[WHAT THE EXERCISE ASKS]
All of the data below should be repeated exactly. Pictures should not be included.

[SUPPLIED MATERIAL]
▶
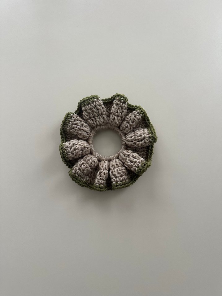 Fırfırlı tasarıma sahip örgü saç tokası, vizon ve yeşil tonlarda olup bohem ve retro tarzlar için rahat bir görünüm sunar.
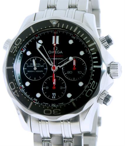 Omega "Seamaster" automatic chronograph 212.30.44.50.01.001 powered by beautifully executed column wheel Omega Cal.3330 with a co-axial escapement and silicone hairspring. Stainless steel case & bracelet. Black dial and uni-directional black ceramic bezel. Sapphire crystal. 300m water resistant
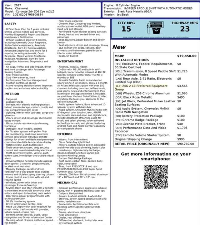 2017 Chevrolet Corvette Z06 Coupe 2LZ 6.2L supercharged 8-spd Auto, 2LZ Equipment Pkg, ZO6 Aluminum Wheels, Performance and Data Video Recorder ORIGINAL MSRP=$90,260. 650 horsepower and 650 lb.-ft. of torque.!!! **WE TAKE ALL TRADES** FINANCING AVAILABLE!! CALL SALES 605 221-4000
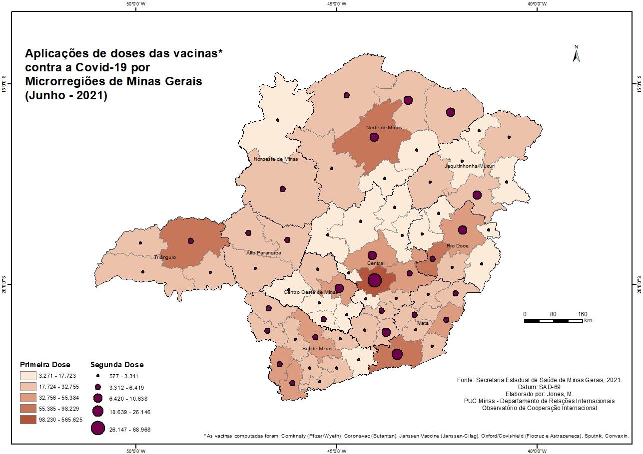 Aplicações de doses das vacinas contra a Covid-19 por Microrregiões de Minas Gerais (Junho - 2021)
◀
[RESULT FOR THIS EXERCISE]
 Fırfırlı tasarıma sahip örgü saç tokası, vizon ve yeşil tonlarda olup bohem ve retro tarzlar için rahat bir görünüm sunar.
 Omega "Seamaster" automatic chronograph 212.30.44.50.01.001 powered by beautifully executed column wheel Omega Cal.3330 with a co-axial escapement and silicone hairspring. Stainless steel case & bracelet. Black dial and uni-directional black ceramic bezel. Sapphire crystal. 300m water resistant
 2017 Chevrolet Corvette Z06 Coupe 2LZ 6.2L supercharged 8-spd Auto, 2LZ Equipment Pkg, ZO6 Aluminum Wheels, Performance and Data Video Recorder ORIGINAL MSRP=$90,260. 650 horsepower and 650 lb.-ft. of torque.!!! **WE TAKE ALL TRADES** FINANCING AVAILABLE!! CALL SALES 605 221-4000
 Aplicações de doses das vacinas contra a Covid-19 por Microrregiões de Minas Gerais (Junho - 2021)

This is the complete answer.